Photo courtesy stock.xchng
Thomas Bosilevac Says:
December 28th, 2008 at 12:02 am
Great article! I manage the analytics service for the Intranet sites of a large multinational myself. Yes, just Intranet sites. You are right, in some cases this may only warrant the need to “slap a tag on it” and it does not get as fun as multi-variant testing, heat maps and campaign analysis. For organizations who spend millions (probably at least the fortune 1000) on their Intranet strategy, however, I can easily argue that a bit more care MUST be made, especially considering most organizations cannot use free tools such as Google Analytics. So let’s keep preaching for better Intranet stats!
Your article does a great job describing the start of Intranet valuation. How many people and how long do they spend. I place great caution though on the example to decrease this holistically. In a time where “shaving 10%” never meant more, this is a dangerous single metric to make into a KPI. The Intranet, if used wisely, can be an extremely valuable and cost-saving asset to the company. Instead of shaving off, perhaps increasing usage of such apps as client communication templates, call Center Deflection, etc is in the best interest to the bottom line.
While search may be an area where “time to find result” warrants a decrease, we have found many areas that we are now promoting due to the cost savings vs. “traditional” models involving too much people, paper and process.
Sorry for the rant, I was very excited to see a blog category specifially for Intranet analytics I had to comment away!
angiebb Says:
December 28th, 2008 at 3:34 pm
Thomas, thanks for you insights. It’s great that your organization does analytics on your intranet sites. That’s one area where many companies fall down, and terribly.
I completely agree with you that there are times when increasing time spent is actually better, and your examples are good.

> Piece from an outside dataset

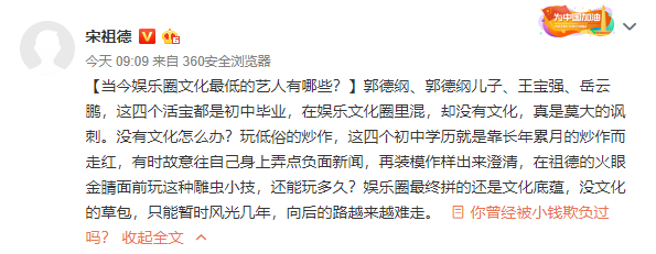 宋祖德发文称,郭麒麟、王宝强、郭德纲和岳云鹏都是初中毕业,在娱乐圈混却没有文化,简直是讽刺至极。同时还大骂四人是通过炒作而走红的,故意搞点负面新闻,再由自己来澄清,雕虫小技。最后还大骂郭德纲等人是“没文化的草包”,只能暂时风光几年,今后的路会不好走。对于宋祖德的大言不惭,众人实属佩服他的勇气,毕竟在娱乐圈中,没有几位敢开怼郭德纲的。就他所说,实在难以令人信服,也不记得郭德纲有何负面新闻。

When I wrote the post, I was imagining a company that does little to no analytics on their intranet, and TOS is a quick and dirty way to get someone’s attention: enough to know that this stuff definitely IS worth analyzing, and it might not take much in terms of improvement to completely recoup whatever investment is made in analytics capabilities (people and/or tools).
I appreciate your comments!
March 12th, 2009 at 3:42 pm
In my ideal world, I would love to be able to track end tasks that have been completed by users.
It would provide an understanding of what tasks people are completing in their usage. I would love to be able to say:
In the month of February, our portal serviced:
-3809 requests for payroll information
-202 proposal were downloaded
-312 new client were found from our CRM
-etc.
IMHO keeping track of these behaviors relates more specifically to a portal’s value.
Unfortunately to do so, our portal would require extensive tagging, which is not a high priority.
March 30th, 2009 at 12:00 pm
Are any of those tasks identifiable by URL? If so, then no additional tagging would be needed… you can set up “goals” or “conversions” based on the URL. Content groups can also be used to pull together similar activities (e.g. all the URLs that match pattern X represent proposal downloads, URLs match pattern Y represent a client find in CRM) for easier tracking.
I’ve got one content site for which I’m using logfiles (no tagging at all), and I’m able to track success metrics in that manner pretty well. Even if there isn’t a “thank you” page for every transaction, you can pick the URL that’s furthest along in the process so you have something to look at. It’s not perfect, but you can often still get some valuable insights.